Question

help me how to solve the question please​

Answer 1

QUESTION:

A bob of mass m is rotating in a vertical plane, if velocity of the bob at the lower most position is V = √(3gl).

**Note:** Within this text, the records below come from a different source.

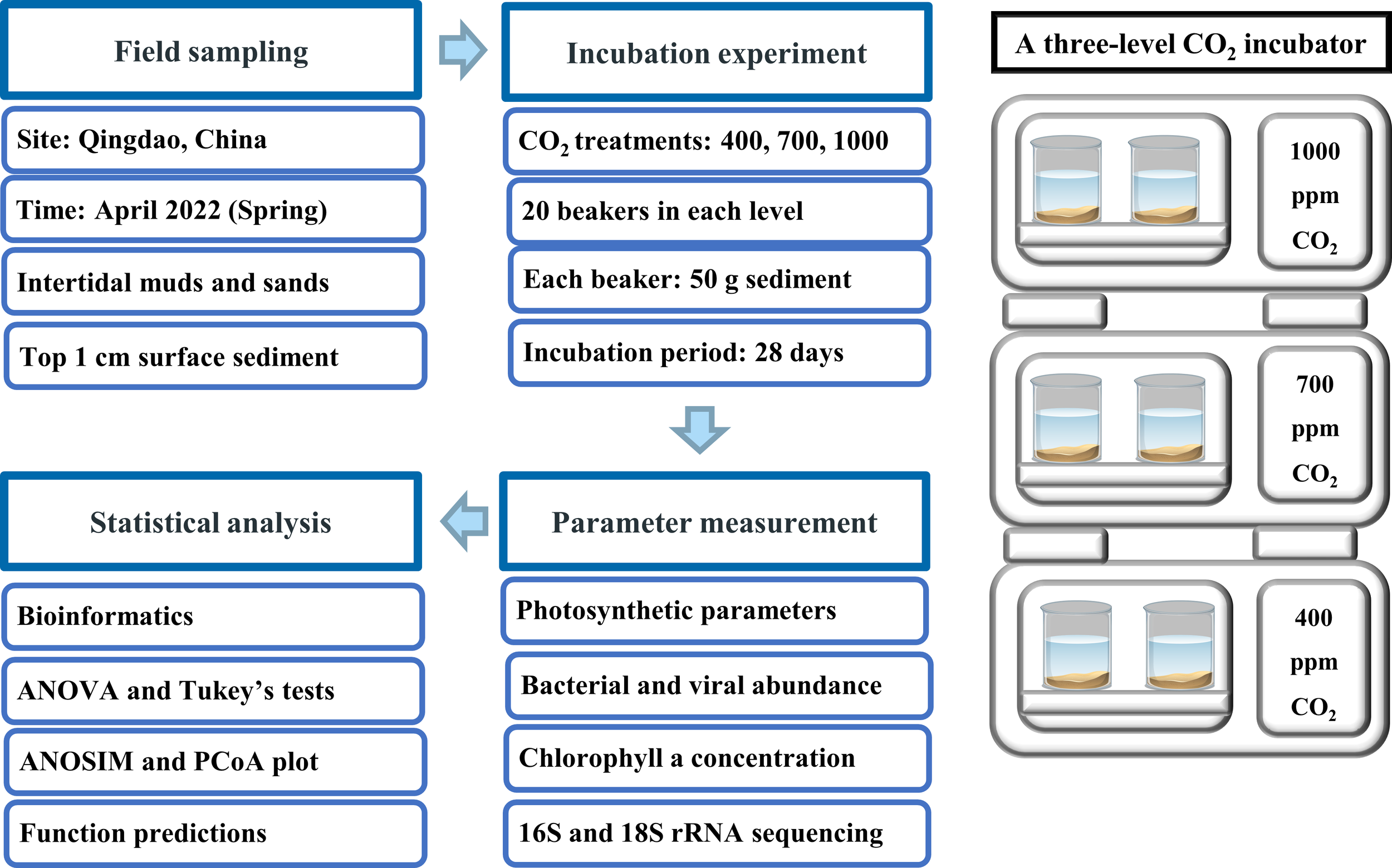 To fill in these research gaps, we undertook a 28-day CO2 enhancement experiment to investigate how OA affected the MPB biomass, community structure and functions of benthic biofilms in soft intertidal sediments. The MPB biomass was estimated by chlorophyll a concentration. The biofilm community structure was analysed by 16S rRNA and 18S rRNA sequencing, focusing on α-diversity, community composition and network structure. The FAPROTAX (Functional Annotation of Prokaryotic Taxa) database was used to predict ecologically relevant functions (e.g., biogeochemical cycles) of prokaryotes in biofilms (Louca et al., 2016). It is hypothesized that OA would increase the MPB biomass (microalgal biomass), bacterial abundance and viral abundance in soft intertidal sediments. The increased MPB biomass would probably be attributable to DIC (dissolved inorganic carbon) addition that can enhance the photosynthesis of microalgae (Marques da Silva et al., 2017). The increased bacterial abundance may result from the enhanced MPB biomass because the algal exudates are the primary food sources for bacteria (Haynes et al., 2007). The increased viral abundance will probably result from the elevated bacterial abundance. It is also hypothesized that OA will alter the MPB and bacterial community composition in sediments because of the species-specific responses to OA (Vargas et al., 2017). It is also hypothesized that OA will alter the ecologically relevant functions (e.g., nutrient cycling) of benthic biofilms because of the changed bacterial community composition.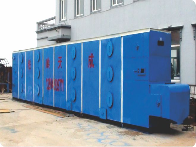 用于脫水蔬菜,一般使用三臺設(shè)備串聯(lián)使用,形成初干段、中間段及終干段。在初干段中,由于物料含水量高,透氣性差,故采用小的輔厚度,較快的運行速度及較高的干燥溫度。對物料溫度不允許超過60℃的料,初干段中,干燥氣體溫度可高達120℃以上。終干段內(nèi)物料停留時間是初干段的36倍,輔料厚度是初干段的2-4倍。對于物料溫度不超過60℃的要求,可采用80℃左右的干燥氣體。采用多段組合能更好地發(fā)揮帶式干燥機的性能,且干燥更均勻。
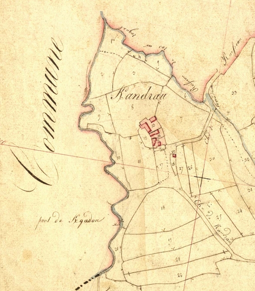 Extrait du cadastre ancien de la commune de Plouaret, 1835 : pont de Kgadon (Kergadon) et Kandrau (Kerandraou)Immatriculation

The angle rotated by the bob before string become loose is.

ANSWER:

• Option 2) π/2 + arcsin(1/3)

GIVEN:

• A bob of mass m is rotating in a vertical plane,

• Vlocity of the bob at the lower most position is V = √(3gl).

TO FIND:

• The angle rotated by the bob before string becomes loose.

EXPLANATION:

$\boxed{ \bold{ \large{ \gray{T = \dfrac{m}{r}(u^2+gl-3gl)}}}}$

Let l = l' where the tension is zero( string becomes loose)

u = √(3gl)

T = 0

$\sf 0 = \dfrac{m}{r}(( \sqrt{3gl} )^2+gl-3gl')$

$\sf 3gl+gl-3gl' = 0$

$\sf 4gl - 3gl' = 0$

$\sf 4gl = 3gl'$

$\sf 4l = 3l'$

$\sf l' = \dfrac{4}{3} l$

$\boxed{ \bold{ \large{ \gray{T - mgcos\ \theta = \dfrac{mv^2}{r}}}}}$

T = 0

r = l

$\boxed{ \bold{ \large{ \gray{v = \sqrt{u^2- 2gh}}}}}$

$\sf 0 - mgcos\ \theta = \dfrac{mv^2}{l}$

$\sf - mgcos\ \theta = \dfrac{m( \sqrt{ {u}^{2} - 2gh} {)}^{2} }{l}$

u = √(3gl)

h = l' = 4/3 l

$\sf - gcos\ \theta = \dfrac{( \sqrt{3gl} {)}^{2} - 2g \left( \dfrac{4}{3}l \right)}{l}$

$\sf - gcos\ \theta = \dfrac{3gl- \left( \dfrac{8g}{3}l \right)}{l}$

$\sf - gcos\ \theta =gl \left( \dfrac{ \left( \dfrac{9 - 8}{3} \right)}{l} \right)$

$\sf -cos\ \theta = \dfrac{ \left( \dfrac{1}{3} \right)}{1}$

$\sf cos\ \theta = - \dfrac{1}{3}$

$\sf \theta = {cos}^{ - 1} \left( - \dfrac{1}{3} \right)$

$\boxed{ \bold{ \large{ \gray{Cos ^{-1} (-x) = \pi - Cos ^{-1} x}}}}$

$\sf \theta = \pi - {cos}^{ - 1} \left( \dfrac{1}{3} \right)$

$\boxed{ \bold{ \large{ \gray{\dfrac{ \pi}{2} - {sin}^{ - 1} (x)= {cos}^{ - 1} (x)}}}}$

$\sf \theta = \pi - \dfrac{ \pi}{2} + {sin}^{ - 1} ( \dfrac{1}{3} )$

$\sf \theta = \dfrac{ \pi}{2} + {sin}^{ - 1} ( \dfrac{1}{3} )$

Hence the angle rotated by the bob before string becomes loose = π/2 + arcsin(1/3).